Согласно «Программе», к 1960 г. этнических японцев должно было стать 100 миллионов (на момент принятия программы население империи составляло именно 100 миллионов человек, но из них 25 миллионов были «инородцами», в основном корейцами и китайцами). Непосредственное выполнение программы было возложено на Министерство благосостояния и здоровья. Для этого была развернута активная пропагандистская работа по снижению брачного возраста (на момент принятия программы составлял 24 года у женщин и 28 у мужчин), сосредоточению женщин не на производственной, а репродуктивной функции, увеличению количества детей (не меньше пяти на семью; реально составляло 4,15), японцев призывали отказаться от «роскошных» свадебных церемоний, расширялась сеть государственных семейных консультаций, предлагалась разработка конкретных мер по оказанию материальной помощи многодетным семьям, искоренению венерических заболеваний, туберкулеза, улучшению жилищных условий и питания. Поскольку в городах рождаемость падала особенно заметно, то ставилась задача, чтобы в деревне проживало не менее 40 процентов населения. Предлагалось расширить сеть дошкольных учреждений, платить пособия молодым семьям. Хотя это была программа по увеличению численности всего населения, из предлагаемых мер видно, что это был в первую очередь план по увеличению рождаемости и сокращению детской смертности, то есть фактически интересы пожилой части населения Японии находились на втором плане.

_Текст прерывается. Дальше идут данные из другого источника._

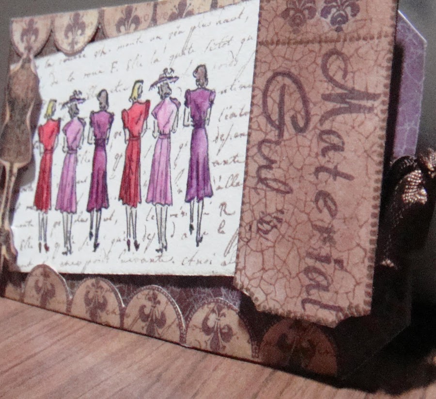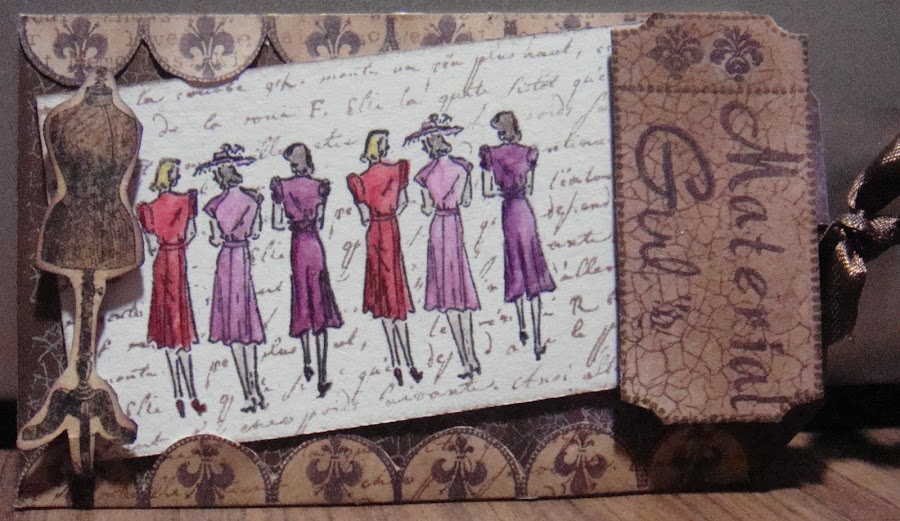 Hola! quería compartir el nuevo tag llamado Material girl"s y dejarles el tutorial de como emplee en él la técnica de masking. Los materiales que utilice en su elaboración fueron: tintas versafine color vintage sepia, imperial purple, tinta versacolor color blanco, distress ink color walnut stain, sellos de textura craquelado, sellos de la marca crafty secrets (imagen en la entrada anterior) sew special , artsy banners y adore alphabet y el tag esta hecho con un sello de la marca Kaisercraft. El maniquí es de un papel Graphic 45 de la colección Steampunk debutante.

Но все эти усилия не принесли чаемого результата. Военные, которые в то время определяли политический курс государства, хотели иметь больше будущих призывников и отправляли умирать нынешних. Все больше юношей и мужчин уходили в армию, все больше девушек и женщин оставались без брачных партнеров, развернувшаяся в стране пропаганда вступления в брак с инвалидами войны имела ограниченный успех. Отправленным на побывку домой солдатам командиры настоятельно советовали успеть за время отпуска вступить в брак, но это удавалось далеко не всем.

Все больше женщин занимали место мужчин на производстве. Обязанности по уходу за уже имевшимися детьми тоже никто не отменял – количество яслей и детских садов было явно недостаточным. Японки оказались в трудном положении – им предлагалось больше рожать и больше работать. Деятельница женского движения Хасэгава Сигурэ (1871—1941) в возглавляемом ею журнале «Сияние» (раньше он назывался «Женское искусство») писала в 1939 г., т. е. в разгар войны в Китае: «Именно в нынешнюю великую эпоху женщина-мать не может оставаться равнодушной по отношению к проблеме мира на Востоке, которая имеет значение для всего человечества. Полагаю, каждая женщина-мать все свои телесные движения должна принести в жертву своей стране»91.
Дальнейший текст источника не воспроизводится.